Spammer -> you (denied because of invalid recipient)

   ---------

Sender address validation at the gateway:

Spammer -> relay (accepted)
Relay -> you (denied because of invalid sender)
Relay to forged sender -> bounce

Spammer -> you (denied because of invalid sender)

Looks like the best (most ethical?) strategy is to swallow all email and
never bounce or reject anything.  That could put a huge load on your
internet pipe and spam filtering boxes.

But rejecting / bouncing at the earliest possible stage is, from the
viewpoint of the person doing it, a very sane and rational strategy. It
saves them bandwidth and resources on their gateway boxes.

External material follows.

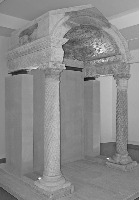 - Aus den erhaltenen Teilen wurde eine vorn und an den Seiten offene Aedicula rekonstruiert. Die Unterseite des Architravs deutet auf vorgezogene Seitenwangen hin. Vom Untergeschoss ist nichts erhalten.

Note also that my comments on relays also apply to the use of DNSBLs at
the gateway.

So, mail relays are bad, ISP's backup MX servers are bad, etc, etc.

It's a no-win situation, alas.

Phil

-----Original Message-----
From: jm@jmason.org [mailto:jm@jmason.org] 
Sent: 11 March 2007 12:32
To: Kelly Jones
Cc: freebsd-questions@freebsd.org; users@spamassassin.apache.org;
linuxusersgroup@googlegroups.com; nmlug@nmlug.org;
nmosug-l@mailman.swcp.com
Subject: Re: Tool for validating sender address as spam-fighting
technique?


for what it's worth, I would suggest *not* adopting this
as an anti-spam technique.

Sender-address verification is _bad_ as an anti-spam technique, in my
opinion.  Basically, there's one obvious response for spammers looking
to
evade it -- use "real" sender addresses. Where's an easy place to find
real addresses? On the list of target addresses they're spamming!

Hence, the spam recipients now get twice as much mail from each spam run
-- spam aimed at them, *and* bounce blowback from hundreds of spams
aimed
at others, forged to appear to be from them.  It's the obvious response
to
SAV, which is one reason why we never implemented something like that in
SpamAssassin.

--j.

Kelly Jones writes:
> To fight spam, I want to validate the address (not necessarily in
> real-time) of the a given email sender. Is there a Unix tool that does
> this?
> 
> The basics are simple: to validate "kmnyqi@wnonline.net", I connect to
> the MX record of wnonline.net and go as far as "RCPT TO" as follows:
> 
> > host -t mx wnonline.net
> wnonline.net mail is handled by 5 wnspf.bayou.com.
> 
> > telnet wnspf.bayou.com. 25
> Trying 209.209.192.75...
> Connected to wnspf.bayou.com..
> Escape character is '^]'.
> 220 Welcome to Bayou mxfilter
> HELO domaintester.com
> 250 mxfilter.bayou.com
> MAIL FROM: <te...@ignoreme.com>
> 250 Ok
> RCPT TO: <km...@wnonline.net>
> 550 <km...@wnonline.net>: Recipient address rejected: 5.1.1
> <km...@wnonline.net>... User unknown
> QUIT
> 221 Bye
> Connection closed by foreign host.
> 
> This tells me kmnyqi@wnonline.net is an invalid address and that mail
> from that address is probably bogus.
> 
> A more sophisticated tool would cache results, handle temporary
> failures (eg, inability to connect to the MX server), handle multiple
> MX records, perhaps even publish results [carefully, to avoid giving
> spammers a source of legit email addresses!], etc. Plus, I'd prefer to
> use a tested tool vs hacking something up myself.
> 
> I realize this technique is far from perfect:
> 
> Spammers spoof legit addresses
> 
> Bounces/Mailing lists/etc legitimately use "do not reply" addresses
> 
> It could be considered unfriendly to the target MX servers
> 
> Some mail servers incorrectly say "user unknown" when they see spam,
> figuring it's more of a deterrent than saying "you're a spammer"
> 
> Some mail servers inefficiently accept mail for "foo@xxx.com" (where
> xxx.com is one of their domains), figure out if foo exists later, and
> send a bounce back to the envelope sender, instead of rejecting email
> at the SMTP level (a really good tool would create throwaway addresses
> to catch these cases too)
> 
> ... but I still think it might help.
> 
> -- 
> We're just a Bunch Of Regular Guys, a collective group that's trying
> to understand and assimilate technology. We feel that resistance to
> new ideas and technology is unwise and ultimately futile.